The Granger causality trials as shown in Tables 4. shows that there exists a bi-direction casualty between GDP and EXDEBT every bit good as OIL and EXDEBT while a uni-directional casualty exist between CI and EXDEBT ; FDI and CI ; FDI and EXDEBT ; FDI and GDP ; AND FDI and OIL.
8.0 Policy Recommendations and Decision
Nigeria has achieved ill fame in the universe crude oil concern. Although its entire oil production end product is merely an norm of 2.5 million barrel per twenty-four hours ; agitations for local engagement and environmental concerns in its oil bring forthing countries frequently adversely affects the planetary oil and gas markets. Among all OPEC members, Nigeria is possibly the lone state that relies so to a great extent on foreign houses for services in its crude oil industry. Crude oil refinement is its chief downstream operation. Yet, it imports at least 43 % of its gasolene demands. There are low petrochemicals production due to low capacity uses and inaccessibility of the needed engineering. Again, importing is necessary to run into the instead stunted domestic petrochemicals demands. Nigeria is among the worst gas flaring states. Up boulder clay 2001, 51 % of the gas produced was flared.

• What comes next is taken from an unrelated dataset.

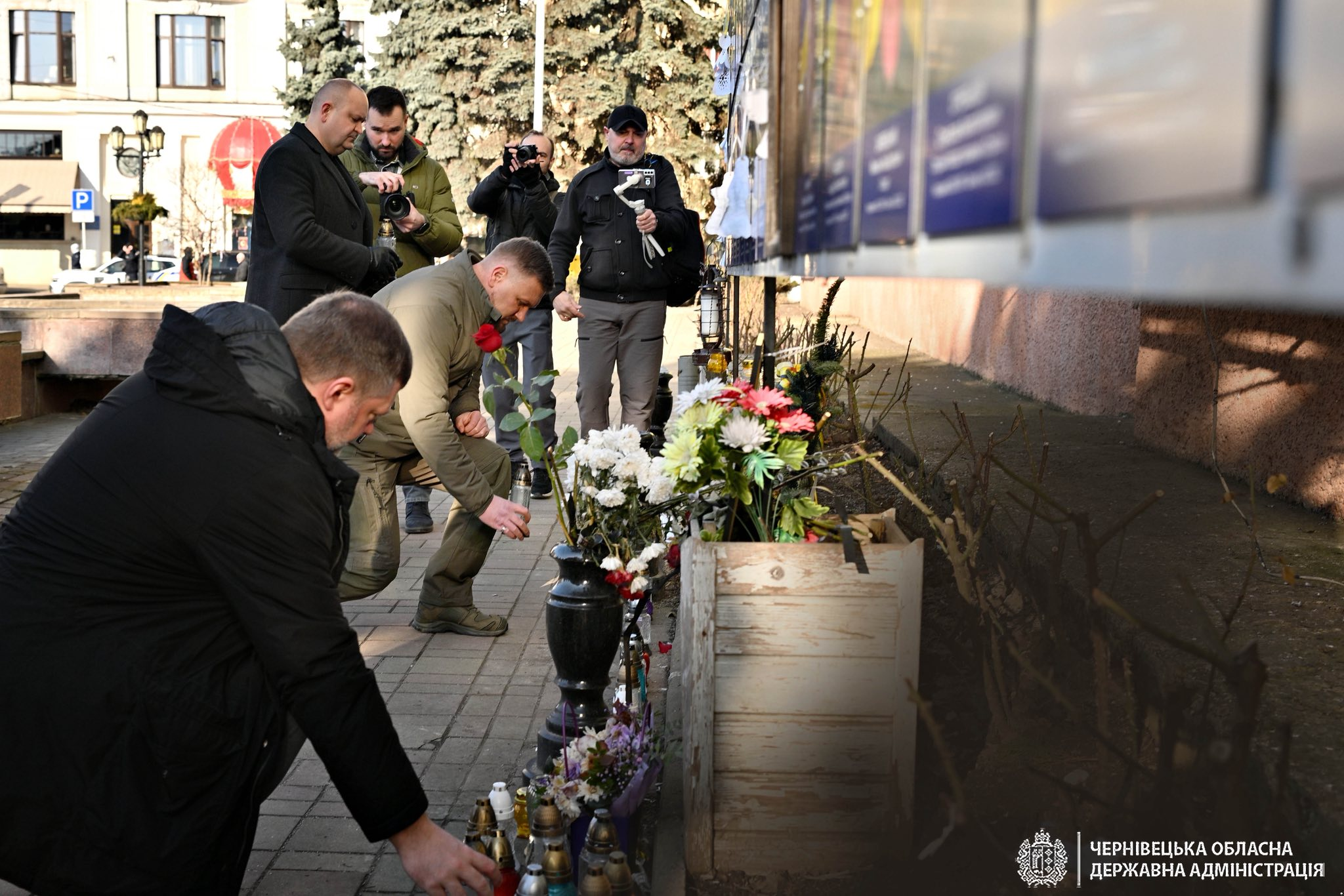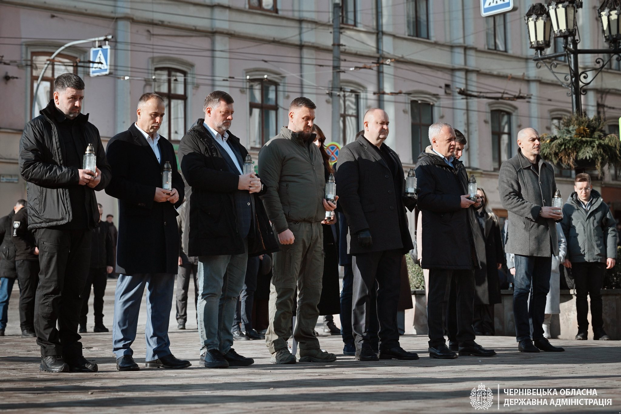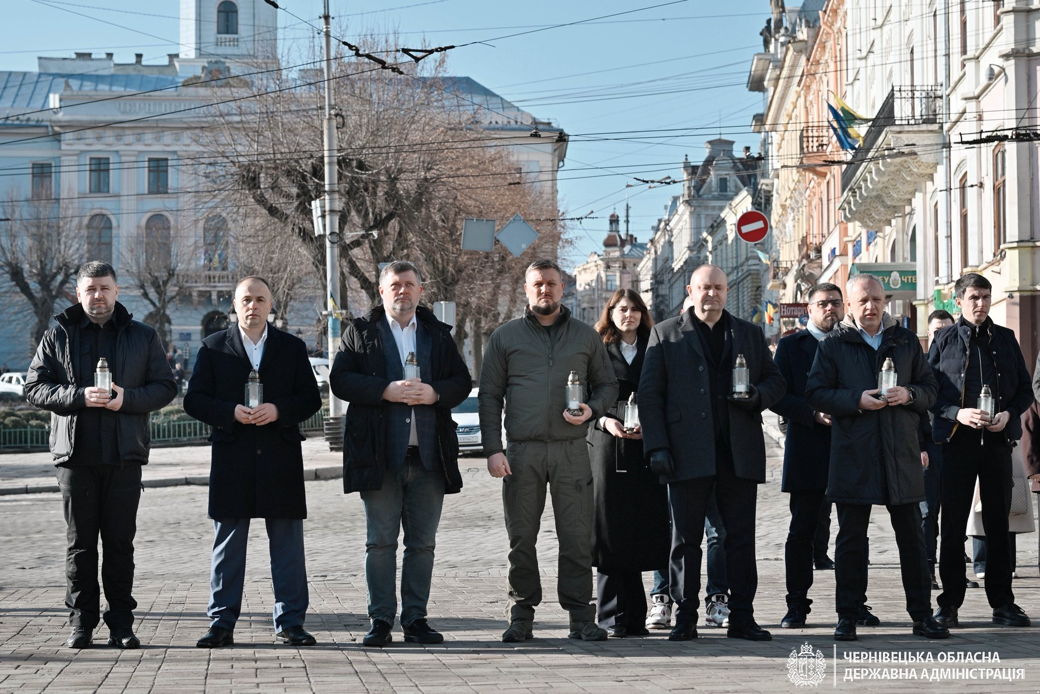 Робочий день розпочали із хвилини мовчання на Центральній площі Чернівців та вшанування памʼяті воїнів, які полягли в боротьбі за свободу і незалежність України.

The trust on the foreign work forces for services and productions of gasoline/chemicals, the obvious environmental and economic deductions of gas flame uping conveying into inquiry the long term sustainability of the state ‘s crude oil and petrochemical industry.

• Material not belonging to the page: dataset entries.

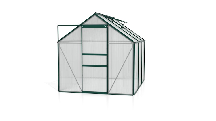 Das Vitavia Gewächshaus Calypso ist ein solides Einsteigergewächshaus, das mit serienmäßigem Dachfenster und kugelgelagerter Schiebetür aufwarten kann.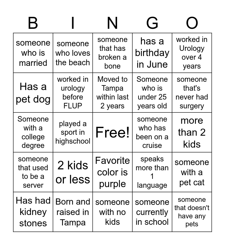 This bingo card has a free space and 24 words: 2 kids or less, Born and raised in Tampa, Moved to Tampa within last 2 years, Has had kidney stones, worked in Urology over 4 years, someone who is married, Has a pet dog, someone who loves the beach, someone who has been on a cruise, Favorite color is purple, Someone who is under 25 years old, Someone with a college degree, speaks more than 1 language, someone with a pet cat, worked in urology before FLUP, someone currently in school, more than 2 kids, someone that has broken a bone, someone that's never had surgery, played a sport in highschool, someone that doesn't have any pets, someone that used to be a server, has a birthday in June and someone with no kids.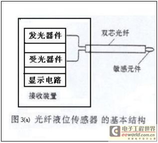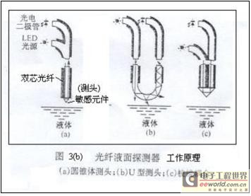 圖3(a)所示為光纖液位傳感器的基本結構[FS:PAGE]。這種傳感器的敏感元件和傳輸信號的光纖均由玻璃纖維構成,故有絕緣性能好和抗電磁噪聲等優點。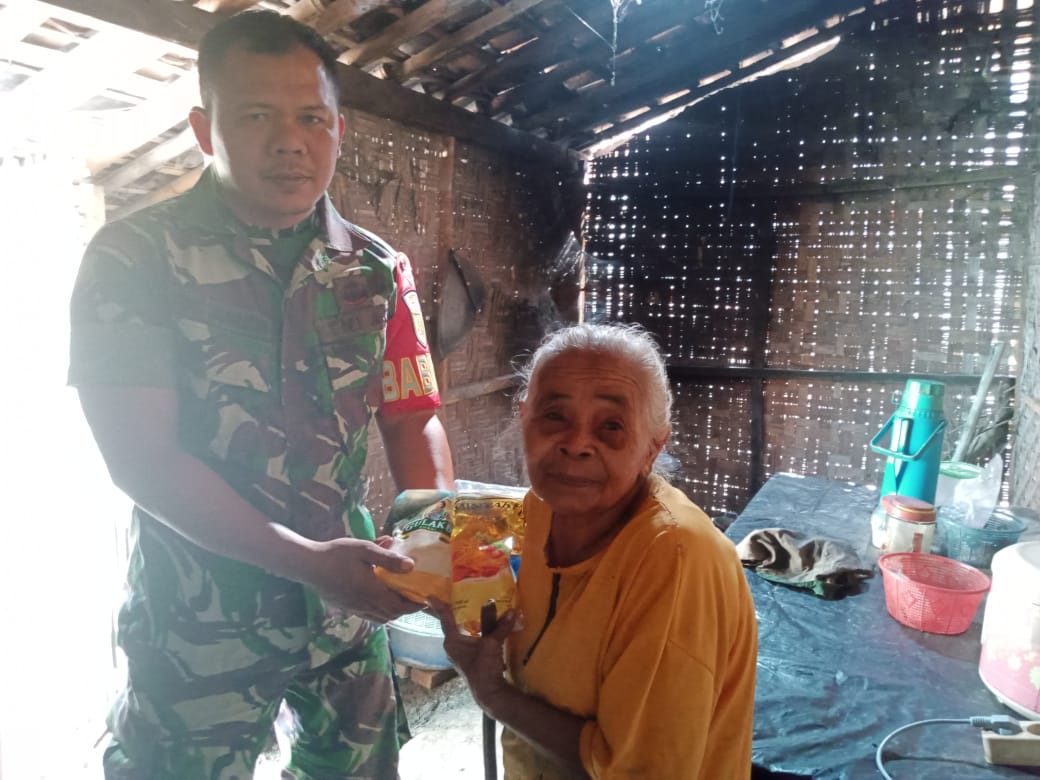 Sepaket Sembako Bukti Kasih Babinsa Kepada Warga Kurang Mampu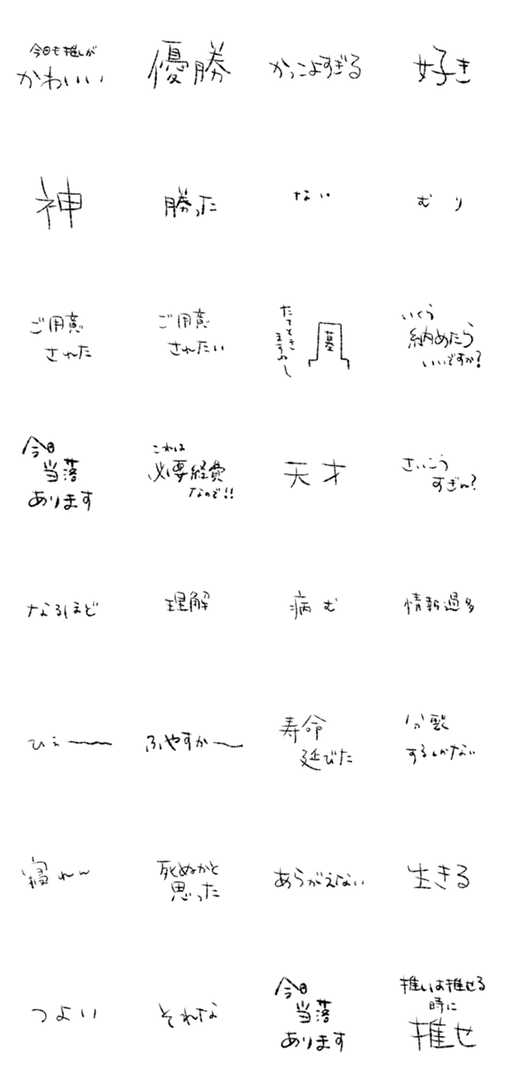 | スタンプ説明 | 2次元・3次元・アイドル・演劇・バンド…様々な推し活に。 |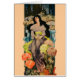 A black haired lady sits among the chrysanthemums. A vintage art nouveau print

For Nigeria to rectify this anomalousness, derive more benefits from its oil and gas resources and quiet down local agitations, the crude oil industry measure is important. And due attending should be given to it. The importance of oil to the growing of the Nigeria economic system can non be undermined. If the crude oil industry measure is implemented as pencilled down, it will interpret to development in Nigeria. Government and stakeholders should non handle the measure as a political one, but should see it as a development design. This will farther turn to the jobs of corruptness, and the negative impact of Oil gross on GDP. The deduction of this is the concentration of the wealth of the state in the custodies of few Nigerians while bulk suffers in low poorness.